===== Collected material

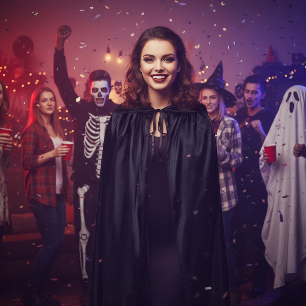 Nasza peleryna z kapturem to nie tylko dodatek na Halloween – to uniwersalny element przebrania na wiele okazji. Stwórz niepowtarzalną stylizację i wciel się w swoją ulubioną postać!
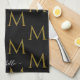 Elegant Script Name Template Monogram Black & Gold Tea Towel
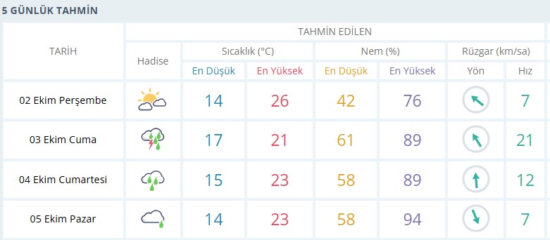 GERÇEKİZMİR - Meteoroloji Genel Müdürlüğü’nün (MGM) son verilerine göre İzmir’de 3 Ekim Cuma günü (yarın) kuvvetli gökgürültülü sağanak yağış etkili olacak. Cuma günü kente giriş yapacak yağmur cumartesi ve pazar günü de etkisini azaltarak etkili olacak.
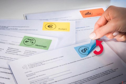 • Etykiety usuwalne, które pozwalają łatwo wymienić oznaczenia dokumentów. Po ich usunięciu nie pozostają ślady kleju.

==========

Using the material above, restate word for word the lines from the line that has "GERÇEKİZMİR - Meteoroloji" to the last line, inclusive, with pictures omitted.

- Finished task -
 GERÇEKİZMİR - Meteoroloji Genel Müdürlüğü’nün (MGM) son verilerine göre İzmir’de 3 Ekim Cuma günü (yarın) kuvvetli gökgürültülü sağanak yağış etkili olacak. Cuma günü kente giriş yapacak yağmur cumartesi ve pazar günü de etkisini azaltarak etkili olacak.
 • Etykiety usuwalne, które pozwalają łatwo wymienić oznaczenia dokumentów. Po ich usunięciu nie pozostają ślady kleju.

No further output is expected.